Scientists have discovered that plants can carry out difficult arithmetic calculations to prevent them from starving.

To survive in the absence of sunlight, plants perform division equations during the night in order to ration stores of starch until the dawn, when the sun rises.

By counting their starch and dividing it by the number of hours left until morning, the plants can make sure they have enough nutrition to last the night.

Plants' survival depends on starch, which is produced from carbon dioxide and sunlight during the day to provide energy during the night.

If the plants were to run out of starch, they would begin to starve and stop growing.

The discovery is the first known example in nature of sophisticated arithmetic carried out in plants.

"The capacity to perform arithmetic calculation is vital for plant growth and productivity," Professor Alison Smith, a metabolic biologist who helped make the discovery, told the Telegraph.

"The calculations are precise so that plants prevent starvation but also make the most efficient use of their food. If the starch store is used too fast, plants will starve and stop growing during the night. If the store is used too slowly, some of it will be wasted."
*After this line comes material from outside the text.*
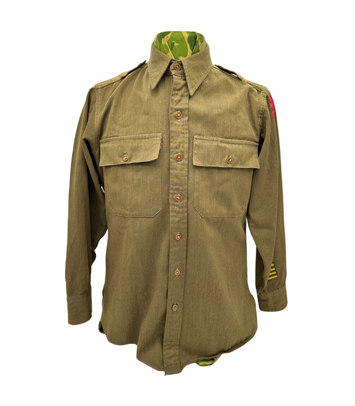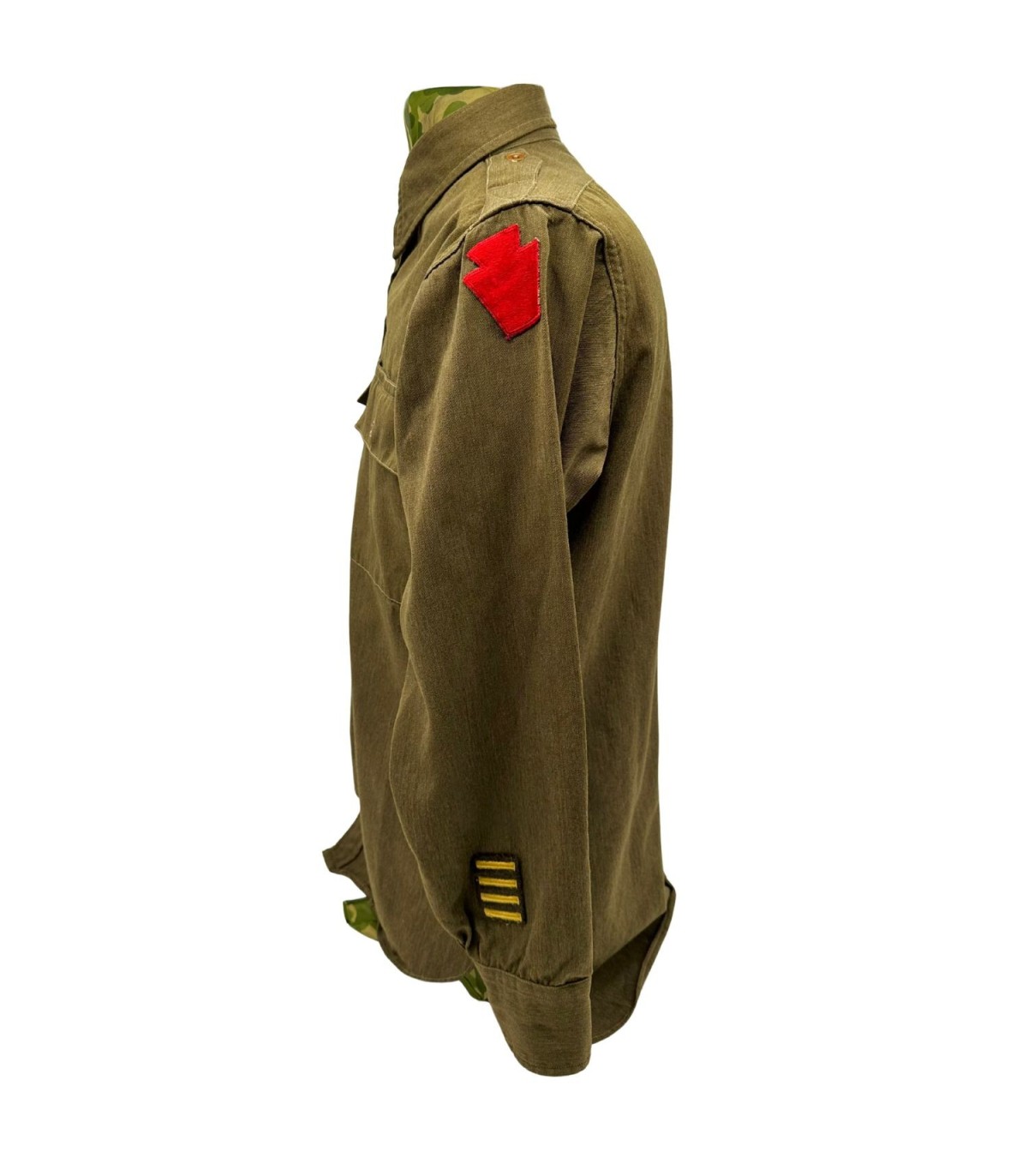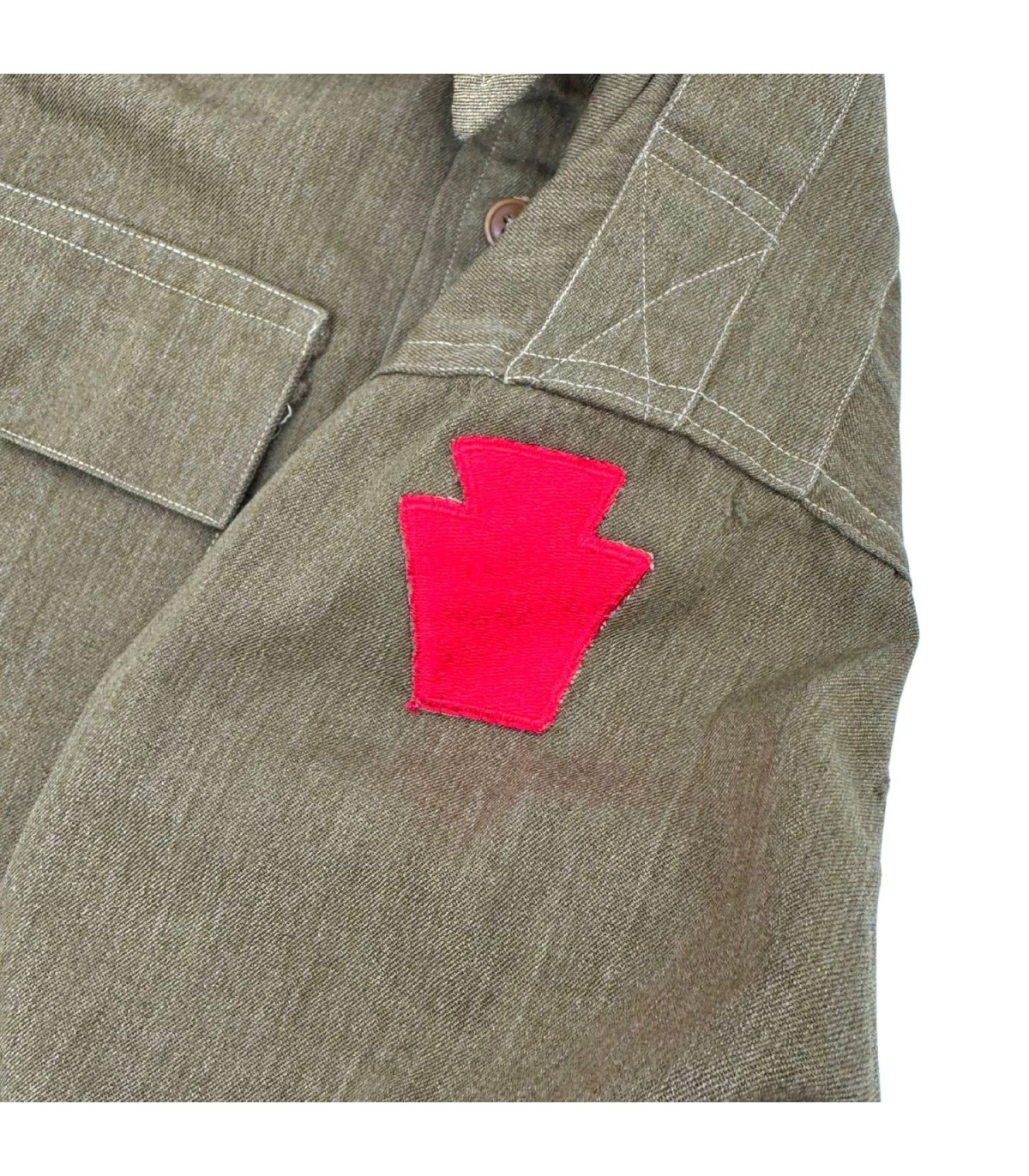Cette chemise pourrait avoir appartenu à un Staff Sergeant engagé dans ces opérations, portant fièrement l’insigne rouge en forme de clé de voûte (Keystone) – symbole de la Pennsylvanie.

Researchers from the John Innes Centre in Norwich discovered the hidden ability after studying Arabidopsis, a small flowering plant in the mustard family.

They found that the plants used their starch at a steady rate throughout the night, so that about 95% of their stock had been used up by dawn each day.

Plants are also capable of sending sophisticated communications to each other. Chemical messages exchanged between plants allow them to send out alerts when under attack by pests.

"Plants not only respond to reliable cues in their environments but also produce cues that communicate with other plants and with other organisms," said Richard Karban of the University of California, who co-authored the study on plant behaviour.

Even stranger, women gardeners' voices speed up growth of tomato plants much more than men's, according to a Royal Horticultural Study.

In an experiment run over a month, the RHS research found that tomato plants grew up to two inches taller if they were read to by a female rather than a male. In fact, some plants actually grew less when read to by a man, than if they were left completely alone.